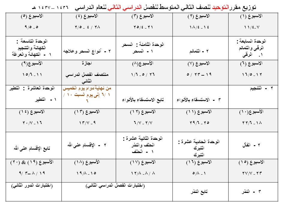 توزيع منهج التوحيد للصف الثاني المتوسط لعام 1437 الفصل الدراسي الثاني |
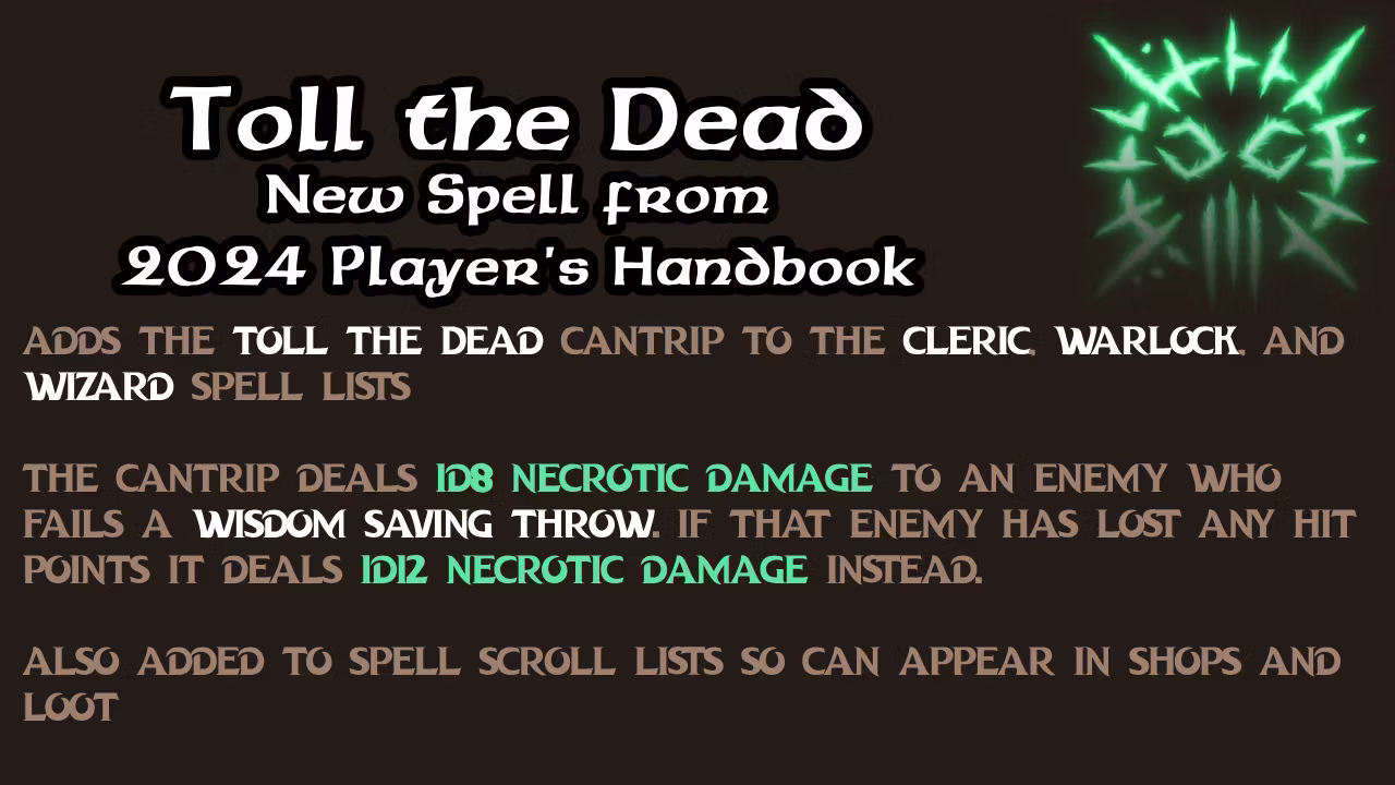 将 牧师、术士 和 法师 的法术列表中添加了“亡者之税”(Toll the Dead)法术,该法术源自2024年版的玩家手册。
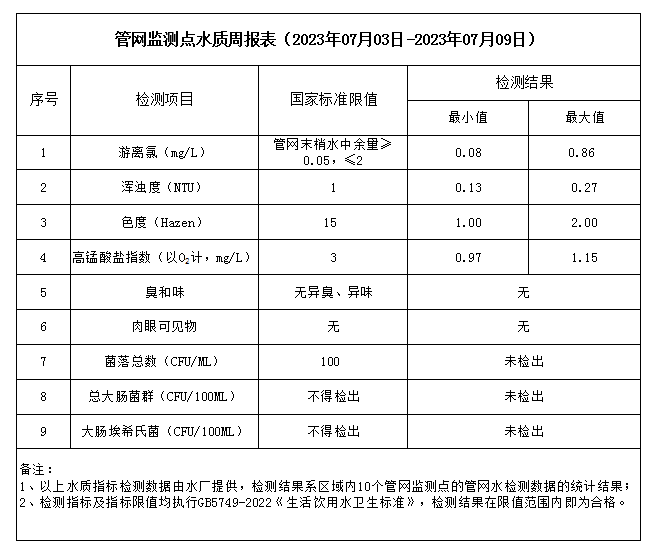 管網(wǎng)監(jiān)測(cè)點(diǎn)水質(zhì)周報(bào)表(2023年07月03日-2023年07月09日)
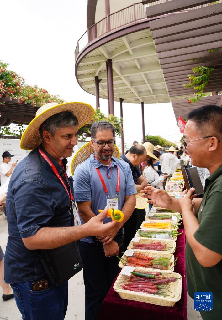三亞市崖州區國家現代農業(yè)產(chǎn)業(yè)園作為2023年中國種子大會(huì )暨南繁硅谷論壇地展環(huán)節的展示基地,共展出200多家單位培育的近30個(gè)作物類(lèi)型1800多個(gè)品種,吸引眾多與會(huì )者前來(lái)參觀(guān)。

——————————

**Work request**
Repeat all of the data above word for word, minus the pictures.

**Response box**
 توزيع منهج التوحيد للصف الثاني المتوسط لعام 1437 الفصل الدراسي الثاني |
 将 牧师、术士 和 法师 的法术列表中添加了“亡者之税”(Toll the Dead)法术,该法术源自2024年版的玩家手册。
 管網(wǎng)監(jiān)測(cè)點(diǎn)水質(zhì)周報(bào)表(2023年07月03日-2023年07月09日)
三亞市崖州區國家現代農業(yè)產(chǎn)業(yè)園作為2023年中國種子大會(huì )暨南繁硅谷論壇地展環(huán)節的展示基地,共展出200多家單位培育的近30個(gè)作物類(lèi)型1800多個(gè)品種,吸引眾多與會(huì )者前來(lái)參觀(guān)。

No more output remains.